Я тебя (не) прощу - Амелия Борн
Шрифт:
Интервал:
Закладка:
Разве мог тот, кто поднял ее однажды на ноги, теперь самолично и уничтожить?.. Это не укладывалось в голове. Отрицалось всем ее существом.
— Почему? — спросила она, подходя к нему вплотную. Повторила — требовательно и отчаянно:
— Почему?
Он даже не повернулся. Лишь кинул — отстраненно и презрительно:
— Кажется, ты забыла, милая моя, почему я вообще на тебе женился.
Слова ударили, как пощечина, ноги подкосились. Она испуганно схватилась за спинку стоявшего рядом стула, пытаясь обрести хоть какую-то опору посреди рушащегося у нее на глазах мира. Мира, в который она так наивно и опрометчиво поверила.
Мотнув головой, она протянула к нему руку — жалко, умоляюще, точно нищенка, просящая подаяния. Только ей нужны были не деньги. Ей нужно было понять, как мог человек так измениться всего за несколько часов!
— Я никуда не уйду, пока ты все мне не объяснишь! — выпалила она с напускной решимостью, отчаянно впиваясь пальцами в его рукав. — Сегодня утром все было как обычно! Все было… хорошо. Сегодня наша годовщина, я готовила ужин…
Ее слова понемногу превращались в жалкий, несвязный лепет. Усилием воли она взяла себя в руки и спросила только:
— Что изменилось, Арс? Что произошло?
Его спина заметно напряглась. Ноги Авроры дрожали. Казалось, если она попытается сдвинуться с места в отчаянной попытке заглянуть ему в лицо — просто упадет. Упадет, как тогда… и больше уже не поднимется.
— Произошло то, что ты мне больше не нужна, — проговорил он издевательским тоном. — Я получил, что хотел. Так что…
Он выдержал паузу и отрывисто закончил:
— Поторопись, Ава. Иначе я потеряю остатки терпения и заберу последнее, что тебе дорого.
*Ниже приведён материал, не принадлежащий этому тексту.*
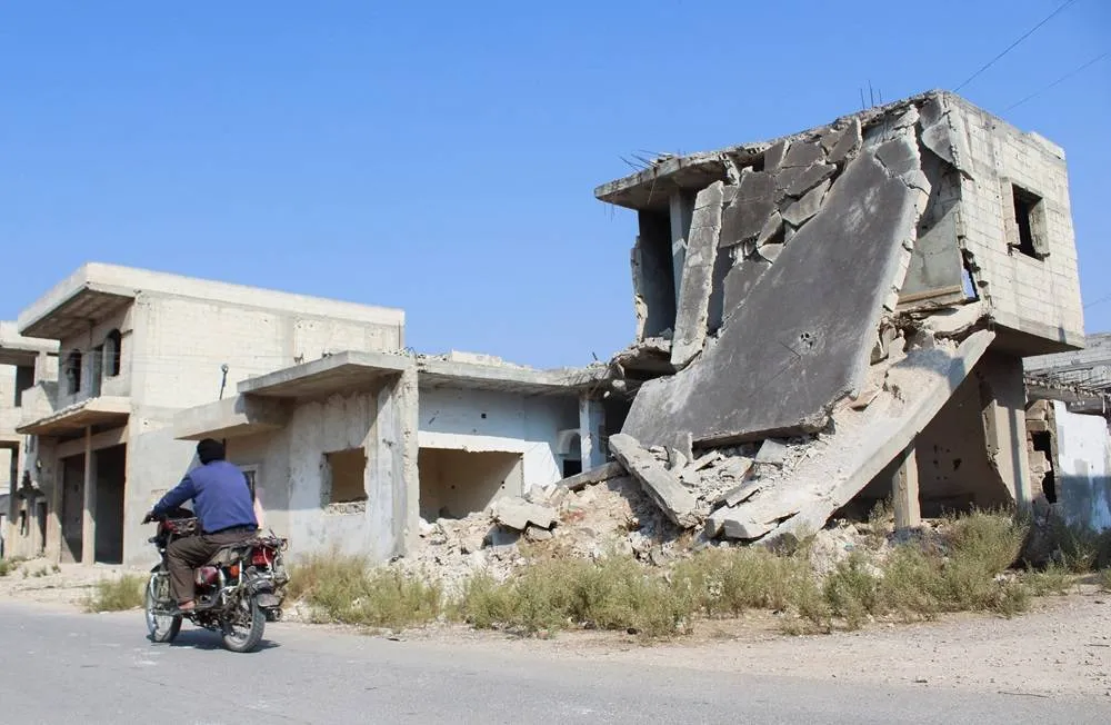 A man rides a motorbike past a damaged building in Homs, Syria November 7, 2024. (Reuters)

Позвоночник пробила ледяная стрела страха. Неужели он догадался о беременности?! Мысль, что этот человек отнимет у нее ребенка, о котором она так мечтала, сделала, казалось, невозможное — Аврора заставила двигаться свои буквально приросшие к месту ноги и, схватив впопыхах только сумку, валявшуюся в прихожей, кинулась прочь.
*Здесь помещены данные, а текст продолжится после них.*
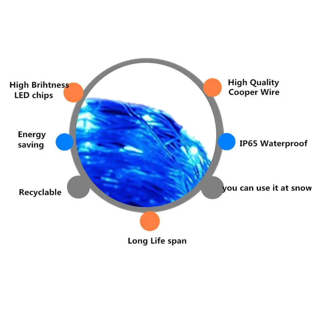 Тип: USB кабель 5 метров 50 ламп, батарейный блок 5 метров 50 ламп, USB кабель 10 метров 100 ламп, батарейный блок 10 метров 100 ламп (опционально)

Прочь от самого дорогого человека, превратившегося вдруг в угрожающего незнакомца.
* * *
Настоящее время. Конец октября
— Лесь, ну не вертись ты!
Я с улыбкой перехватила дочь, которая так активно ерзала на стуле, что в любой момент попросту рисковала с него свалиться. И это в то самое время, когда я пыталась превратить ее непослушные кудряшки в какое-то подобие прически!
— Будешь продолжать в том же духе — уйдешь в садик растрепанная, — сказала я притворно строгим тоном. — И вдобавок мы опоздаем, — вздохнула следом, кинув взгляд на телефон, где неумолимые цифры показывали, что на сборы у нас имелось от силы минут двадцать.
— Мамочка, а можно мы не пойдем сегодня в садик?
Леся смешно наморщила нос, всем своим видом выказывая отвращение к данному заведению.
— Нельзя, — отрезала я, ловко хватая ее за прядь волос, чтобы наконец сделать из этого гнезда косичку. — Ты же знаешь — мне нужно на работу.
Дочь мгновенно насупилась и заявила:
— Все равно не пойду. На улице темно и холодно. Хочу спать… — добавила она жалобно.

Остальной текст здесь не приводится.